# PROMPT
Your answer is the line containing "Thông tin sản" plus every line after it through the end of the records, printed exactly and free of pictures.

# DATA SHOWN
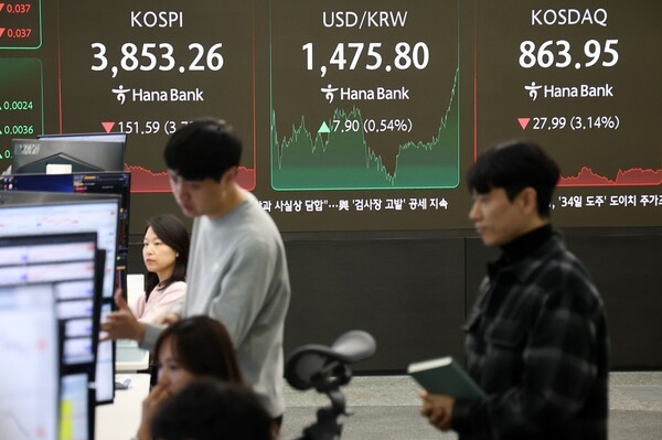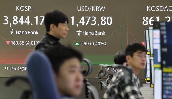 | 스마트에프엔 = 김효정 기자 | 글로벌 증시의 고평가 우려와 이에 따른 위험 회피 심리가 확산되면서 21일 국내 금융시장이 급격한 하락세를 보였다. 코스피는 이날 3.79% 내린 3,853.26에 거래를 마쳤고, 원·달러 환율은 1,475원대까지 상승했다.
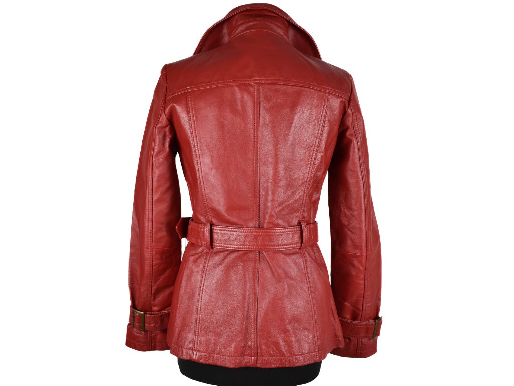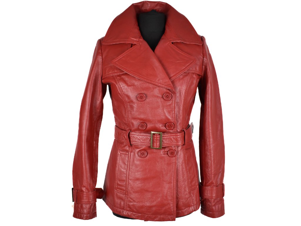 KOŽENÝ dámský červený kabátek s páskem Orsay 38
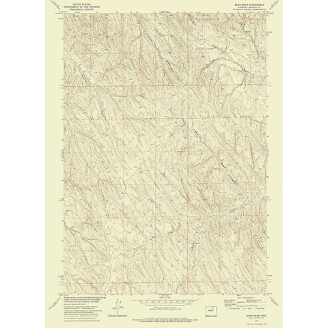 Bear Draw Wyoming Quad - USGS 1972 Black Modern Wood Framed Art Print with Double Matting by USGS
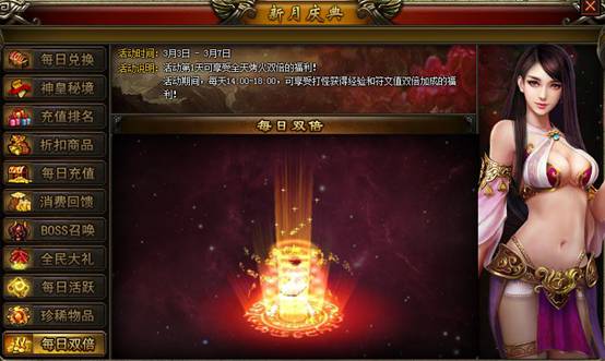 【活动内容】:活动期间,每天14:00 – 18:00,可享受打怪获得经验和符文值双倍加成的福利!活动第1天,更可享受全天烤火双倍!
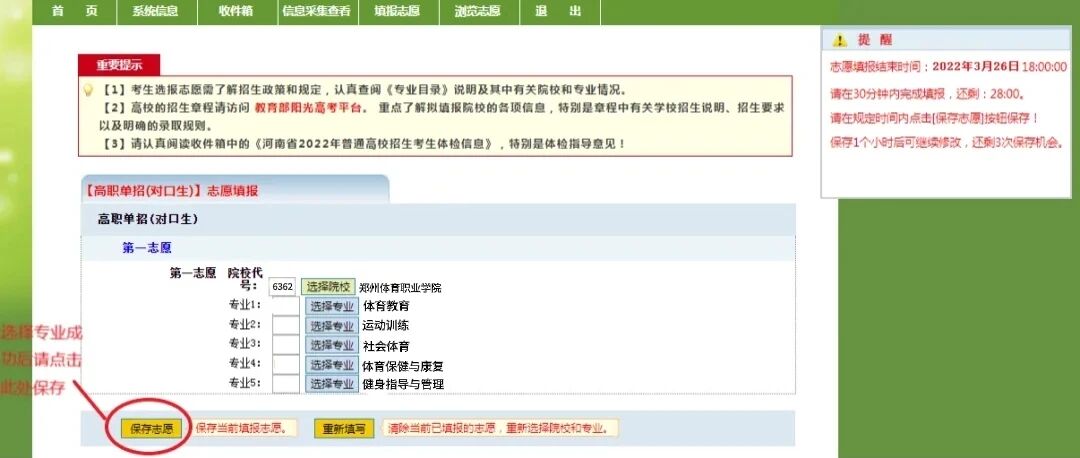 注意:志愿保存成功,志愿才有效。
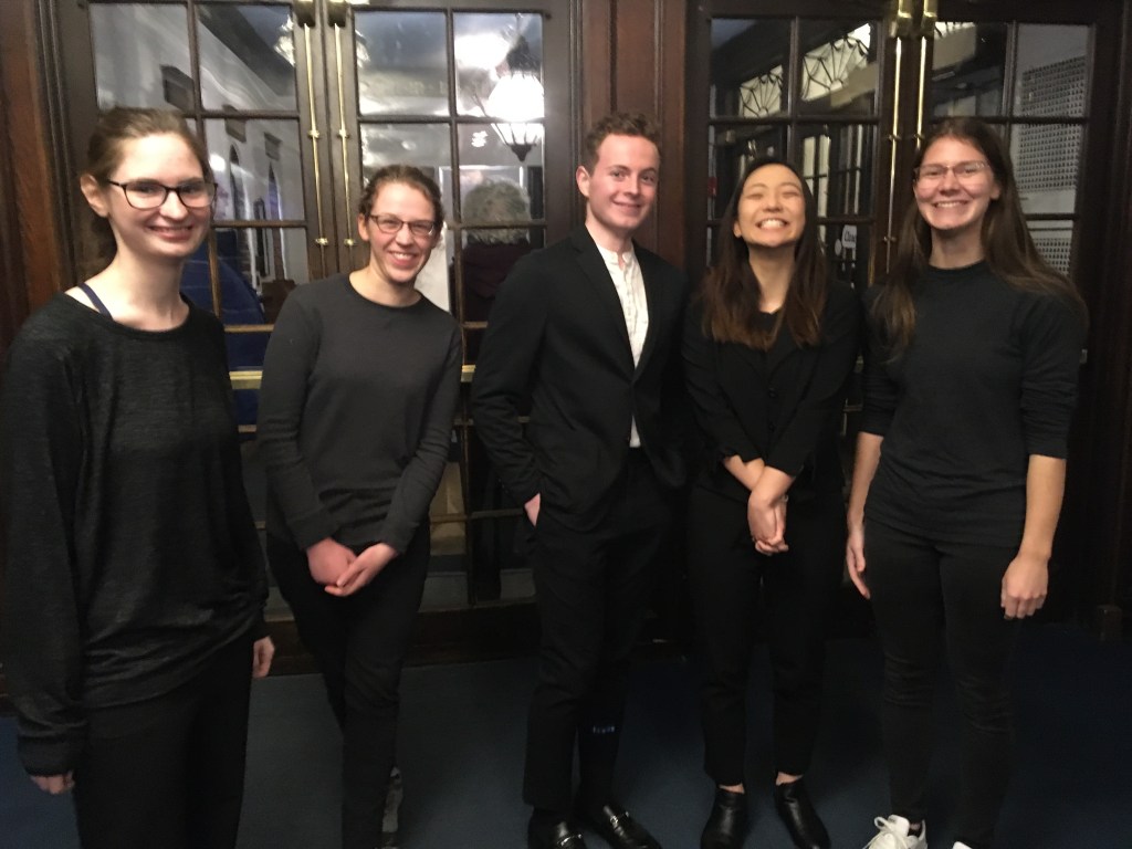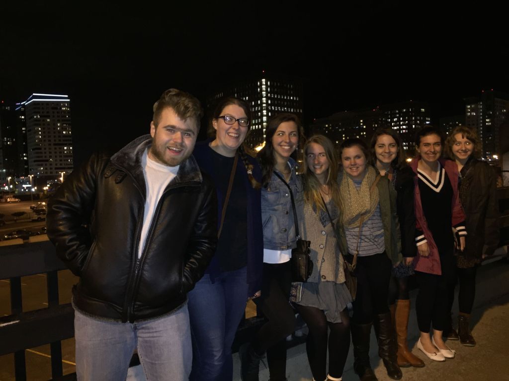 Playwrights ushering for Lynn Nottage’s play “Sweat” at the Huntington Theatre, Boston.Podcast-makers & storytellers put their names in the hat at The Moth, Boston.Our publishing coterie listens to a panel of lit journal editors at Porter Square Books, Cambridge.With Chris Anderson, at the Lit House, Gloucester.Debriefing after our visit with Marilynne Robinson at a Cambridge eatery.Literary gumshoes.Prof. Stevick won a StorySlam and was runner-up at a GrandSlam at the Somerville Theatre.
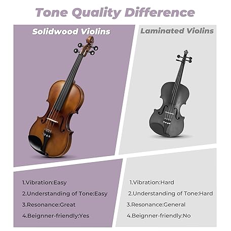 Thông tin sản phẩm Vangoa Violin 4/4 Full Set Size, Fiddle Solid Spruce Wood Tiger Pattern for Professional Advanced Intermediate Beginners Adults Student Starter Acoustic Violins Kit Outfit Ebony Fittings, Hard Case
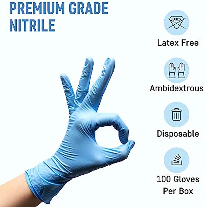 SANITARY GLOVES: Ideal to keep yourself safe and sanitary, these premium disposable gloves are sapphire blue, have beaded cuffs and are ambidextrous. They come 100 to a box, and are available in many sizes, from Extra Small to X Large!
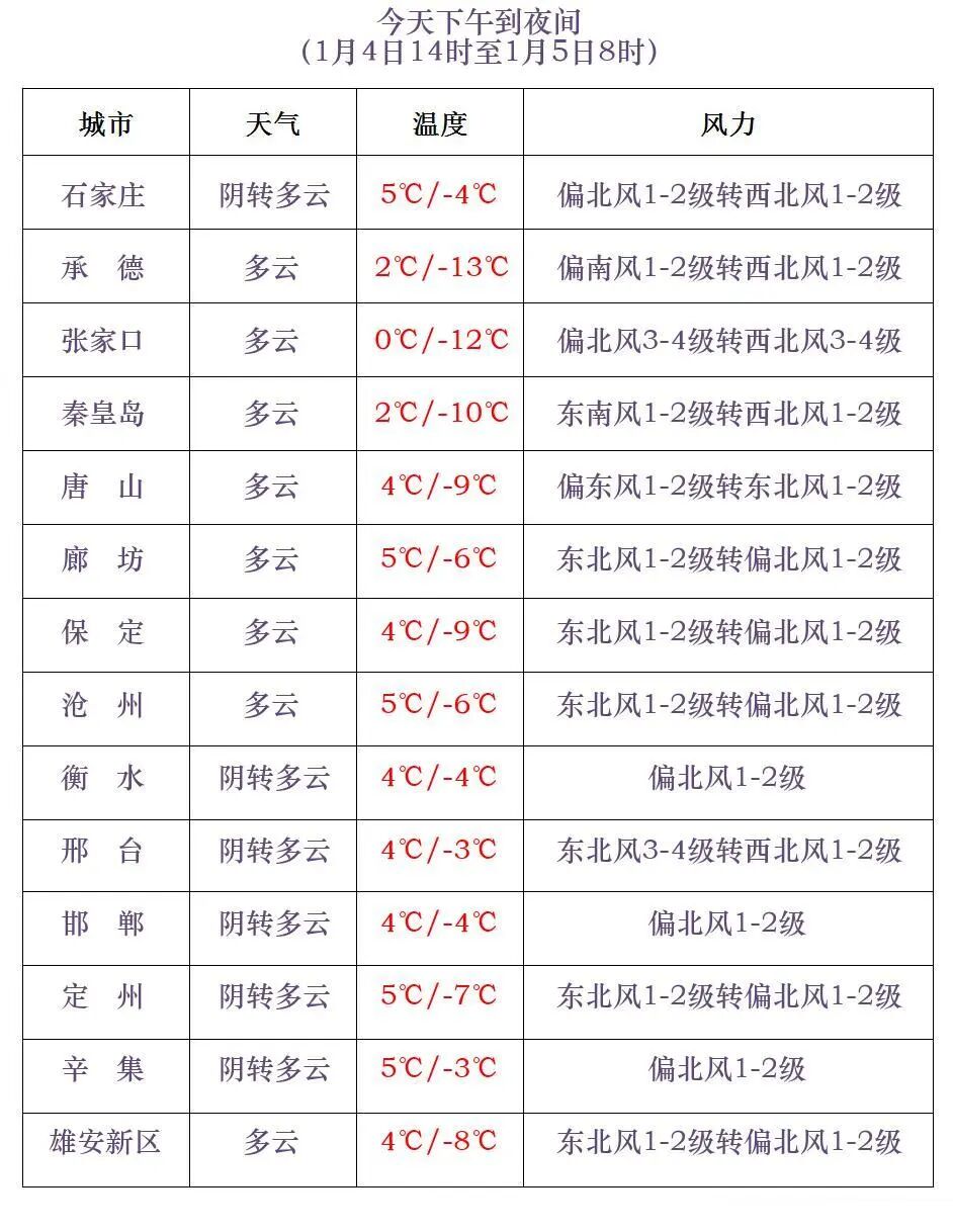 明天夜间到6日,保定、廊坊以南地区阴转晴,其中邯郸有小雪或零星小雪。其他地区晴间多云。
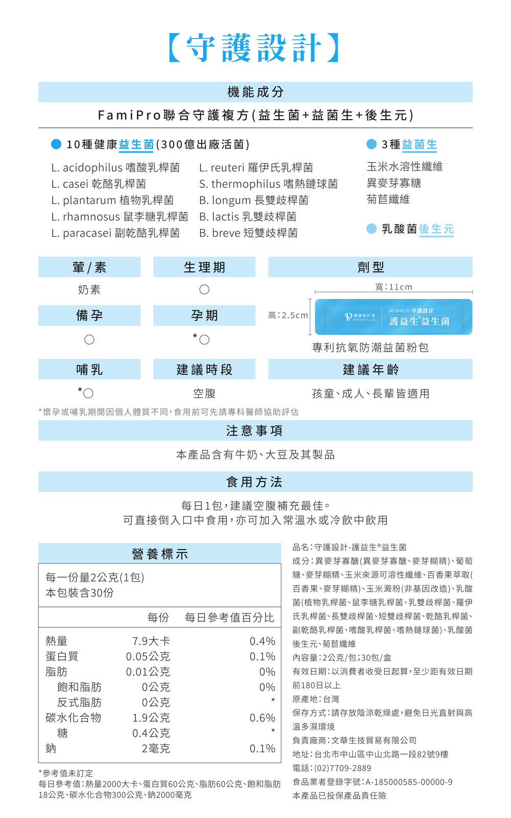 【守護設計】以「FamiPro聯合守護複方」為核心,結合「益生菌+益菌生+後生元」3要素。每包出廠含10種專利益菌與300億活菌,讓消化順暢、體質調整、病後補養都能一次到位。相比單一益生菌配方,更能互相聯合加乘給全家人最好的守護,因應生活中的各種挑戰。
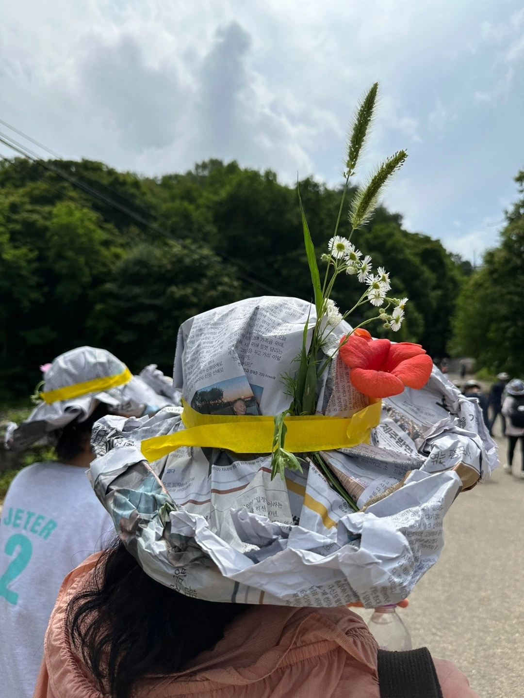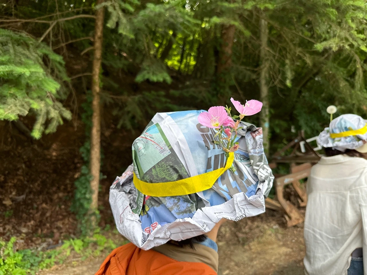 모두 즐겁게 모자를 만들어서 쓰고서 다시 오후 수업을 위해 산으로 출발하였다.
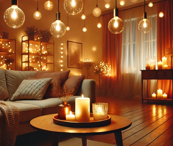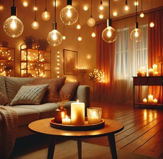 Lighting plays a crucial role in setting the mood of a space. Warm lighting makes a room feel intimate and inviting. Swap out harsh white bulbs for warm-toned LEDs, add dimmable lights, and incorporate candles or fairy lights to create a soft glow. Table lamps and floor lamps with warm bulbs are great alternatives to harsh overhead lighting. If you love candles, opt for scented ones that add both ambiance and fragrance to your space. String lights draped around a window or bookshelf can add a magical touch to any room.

# WRITTEN SOLUTION
 Thông tin sản phẩm Vangoa Violin 4/4 Full Set Size, Fiddle Solid Spruce Wood Tiger Pattern for Professional Advanced Intermediate Beginners Adults Student Starter Acoustic Violins Kit Outfit Ebony Fittings, Hard Case
 SANITARY GLOVES: Ideal to keep yourself safe and sanitary, these premium disposable gloves are sapphire blue, have beaded cuffs and are ambidextrous. They come 100 to a box, and are available in many sizes, from Extra Small to X Large!
 明天夜间到6日,保定、廊坊以南地区阴转晴,其中邯郸有小雪或零星小雪。其他地区晴间多云。
 【守護設計】以「FamiPro聯合守護複方」為核心,結合「益生菌+益菌生+後生元」3要素。每包出廠含10種專利益菌與300億活菌,讓消化順暢、體質調整、病後補養都能一次到位。相比單一益生菌配方,更能互相聯合加乘給全家人最好的守護,因應生活中的各種挑戰。
 모두 즐겁게 모자를 만들어서 쓰고서 다시 오후 수업을 위해 산으로 출발하였다.
 Lighting plays a crucial role in setting the mood of a space. Warm lighting makes a room feel intimate and inviting. Swap out harsh white bulbs for warm-toned LEDs, add dimmable lights, and incorporate candles or fairy lights to create a soft glow. Table lamps and floor lamps with warm bulbs are great alternatives to harsh overhead lighting. If you love candles, opt for scented ones that add both ambiance and fragrance to your space. String lights draped around a window or bookshelf can add a magical touch to any room.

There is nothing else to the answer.